The island was named by Antoine Bruni d'Entrecasteaux. Matthew Flinders, along with his botanist Robert Brown, visited in January 1802 and Flinders climbed the peak (subsequently named Flinders Peak) to survey the surrounding islands. John Thistle, master, collected some salt samples from the pink lake later known as Lake Hillier.

Sealers operated from the island throughout the 19th century.

The explorer Philip Parker King anchored off the island in 1818, and lost two anchors (which were later recovered in 1973).

Belinda was wrecked off Middle Island in 1824. In 1826 eight Englishmen who had been marooned on Middle Island by the captain of sealing vessel Governor Brisbane were found by the French explorer Dumont d’Urville aboard .

Apocryphal accounts claim that the pirate Black Jack Anderson based himself on Middle Island – some time after 1826, when Anderson had arrived at the first British outpost in Western Australia, at King George Sound (later Albany). After being accused of murder, Anderson and a group of men reputedly fled to the islands, where they hunted seals for their skins, and plotted raids on ships travelling to and from the Australian colonies.

Bay whaling may have been carried out, from bases on the island, as early as the 1840s. By the 1870s, there was documented use of the island for such purposes.

Mary-Jane was wrecked off the island in 1875.

In 1889, Edward Andrews investigated the commercial possibilities of producing salt from Lake Hillier; Andrews briefly moved onto the island with both of his sons. They left after working the salt deposits for about a year.

Rodondo was wrecked off the island in 1894 and Eclipse met a similar fate in 1898. SS Penguin was wrecked off the island while sheltering from a gale in 1920.

==Location and geographic features==
The island lies around 120 km south-east of Esperance.

The island is 6.5 km long, has an area of 1080 ha, and is approximately 9 km off shore from Cape Arid. The island is the largest in the Recherche Archipelago. Goose Island is just off the north coast of Middle Island.

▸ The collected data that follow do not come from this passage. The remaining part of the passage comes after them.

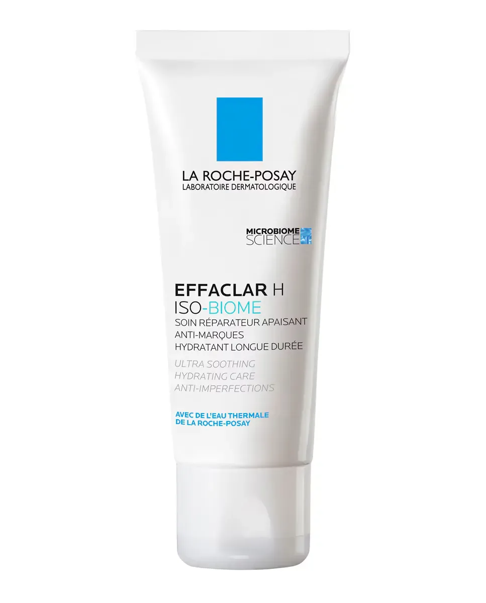 Крем Effaclar H Iso-Biome от La Roche Posay является увлажняющим и успокаивающим уходом, специально разработанным для жирной кожи с акне, ослабленной подсушивающими процедурами. Содержит Aqua Posae Filiformis, пребиотик, который укрепляет кожный барьер, и обогащен экстрактом Орелляна и Procerad, которые помогают уменьшить следы и недостатки. Его преимущества включают увлажнение и восстановление кожи, восстановление баланса микробиома, успокаивающий эффект и снижение следов. Эффективность продукта была подтверждена, показывая, что с первого применения кожа ощущается успокоенной и увлажненной в течение 48 часов, с уменьшением покраснения и сухости при постоянном использовании. Также было доказано, что он уменьшает видимость прыщей и черных точек, делая кожу более гладкой на ощупь и увеличивая увлажнение всего за несколько часов. Рекомендуется наносить крем на очищенное лицо.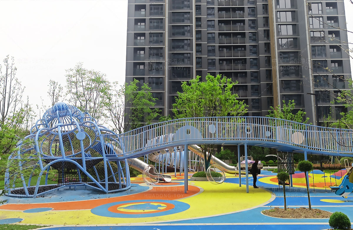 温州德信是一家高端居民小区,为了更好的提供高端的服务,该小区选用的是ky开元游乐自主研发和生产的以“田螺公主”为主题的综合性游乐园,设置了孩子们喜欢的钻洞、攀爬、秋千、摇摇乐、翻翻乐、不锈钢滑梯、攀爬网等功能的游乐设备,不仅丰富了小区的生活,也为孩子们的玩耍提供了一个很好的游乐场所。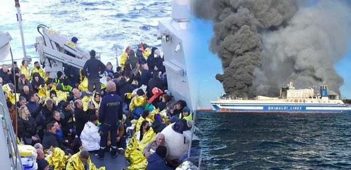 Διασωληνώθηκε το ένα από τα δύο άτομα που διασώθηκαν από φλεγόμενο πλοίο Euroferry Olympia
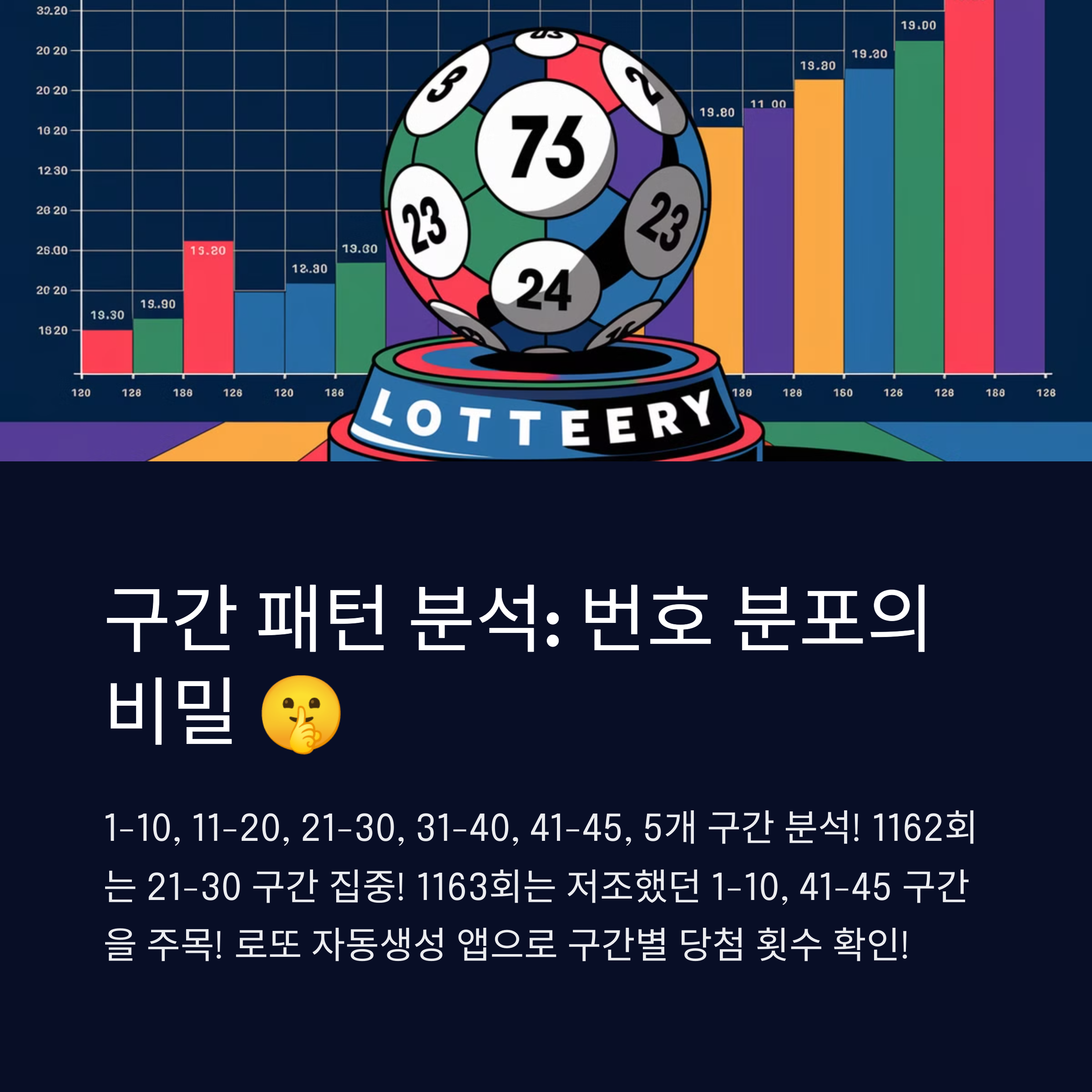 로또번호 자동생성 앱의 '출현번호 통계' 메뉴에서는 번호대별 당첨횟수를 확인할 수 있어, 구간별 출현 빈도를 쉽게 파악할 수 있습니다. 이를 통해 1163회 예상번호 선정 시 각 구간별로 적절한 비율로 번호를 선택하여 2등, 3등 당첨 확률을 높일 수 있습니다.

Flinders Peak, at 174 m high, dominates the island, and has a cairn at the summit. There is a track marked with surveyors' tape.

The island is known for its pink lake, Lake Hillier, a shallow salt lake which is about 1 km in width. Tourists take scenic flights over the island to see the lake.

There are dunes along the coast, and many swimming beaches along the north coast.

==Wildlife==
The island supports a population of the tammar wallaby and the bush rat. One species of snake, the crowned snake, has been recorded, along with 31 species of birds.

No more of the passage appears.